投機性の強い他の仮想通貨は、ともすれば1営業日で十数%価格が変動することもあり、欠損が大きく出るリスクも高いですが、自国通貨が使えない海外取引所にステーブルコインがあれば、相場乱高下中の「避難場所」として利用することが可能になります。また、長期的に資産を安全に保管したい場合、価値変動の少ないステーブルコインは、たんす貯金のような役目を果たすことも可能です。

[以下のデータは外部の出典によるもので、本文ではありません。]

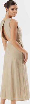 Yüksek kaliteli polyester kumaş, dayanıklı ve uzun ömürlü kullanım sunar. Makinede yıkanabilir özelliği sayesinde bakımı oldukça kolaydır. A-line kalıbı, vücut hatlarınızı güzel bir şekilde ortaya koyarken, aynı zamanda rahat bir hareket özgürlüğü sunar. Kolsuz tasarımı sayesinde sıcak havalarda serin kalırken, şık bisiklet yakası ile her zaman zarif görünmenizi sağlar. Midi boyu ile hem günlük hem de özel davetlerde şık bir görünüm elde etmenizi mümkün kılar.
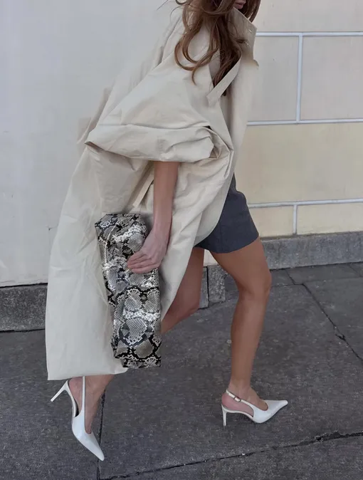 Следующая пара на очереди — белая. Почему именно белый? Во-первых, это оттенок года по версии Pantone — и на этом можно закончить аргументацию, она уже звучит убедительно. Но если вам нужны еще доводы, то, во-вторых, белый — это чистый ахроматик без выраженного холодного или теплого подтона. И это идеальный холст для любых стилистических экспериментов. Именно эта нейтральность классно работает с фактурами: гладкой кожей, матовыми или лакированными текстурами. Белые туфли легко меняют характер образа. Они добавляют свежести базовым сочетаниям и делают вечерние комплекты более выразительными. Даже привычная комбинация джинсов и жакета выглядит продуманнее, когда в ней появляется светлая пара.

ただし、運営会社や提携企業の相場調整資金が尽きてしまった場合、こういったステーブルコインは価値を保てなくなり、たちまち通貨としての信頼性とそのシステムは崩壊します。ですので、ステーブルコインは、運営会社やそれを支えている企業がどれほどの資金力と、信頼性を持っているかが、取捨択一のポイントになってきます。

TUSDは信頼にあたるステーブルコインなのか

前項のことを踏まえて、この度新たにビットトレックスに上場したTUSDは「1USドル=1TUSD」の維持されるようになっていますが、その担保はユーザ―自身が信託銀行に開設したエスクロー口座に入金・法的に管理されているUSドルであり、すべてのユーザーがエスクロー入金をしたUSドル残高以上のTUSDは、システム上この世に存在しません。

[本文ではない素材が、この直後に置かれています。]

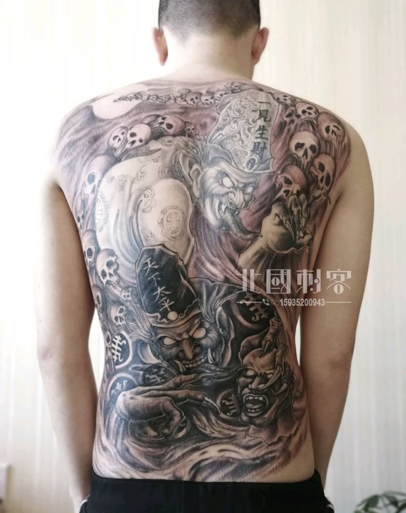 当前位置: 首页 >山西省大同市纹身店-大同老三纹身店纹身图案>黑白无常纹身图片_背部臀部新传统老传统纹身图案

つまり、取引所において売り注文があれば、エスクロー口座からUSドルが出金されるとその分のTUSDが消滅し、エスクロー口座に入金がなされその残高が増えれば、スマートコントラクトによってTUSDが発行されるという、いたって単純明快な作業が行われるだけのことです。

また、エスクロー口座の保有残高は毎日公表され、第三社の監査機関によって毎月監査を受ける決まりになっているうえ、TUSDの発行元は、信託銀行に存在するエスクロー口座に一切介入・接触することができないという、万全のセキュリテー管理を敷いています。

準備金以上のコインを不正に発行?USDTへの不信感噴出

国内メガバンク発行予定の仮想通貨もステーブルコインなのか現在最も有名で、規模の大きなステーブルコインであるテザー社が発行するUSDTも、USドルと1対1の価値をキープするドルペッグ通貨ですが、その信頼性についての不穏なうわさが絶えません。このUSDNの場合前述のTUSDと異なり、通貨発行の担保となるUSドルを預託するのが、USDNを発行するテザー社自身です。

そして、ドルペッグコインの仕組み上、発行コインの時価総額同等のUSドルを保有している必要があるのですが、本当にそれだけのUSドルを、テザー社が保有しているのかについて、懐疑的な見方が蔓延しているのです。

というのが、2017年12月31日時点でのUSDNの時価総額は14億135万USドルほどだったにもかかわらず、1か月後の1月末には実に1,6倍となる、22億4,714万USドルにまで急上昇しました。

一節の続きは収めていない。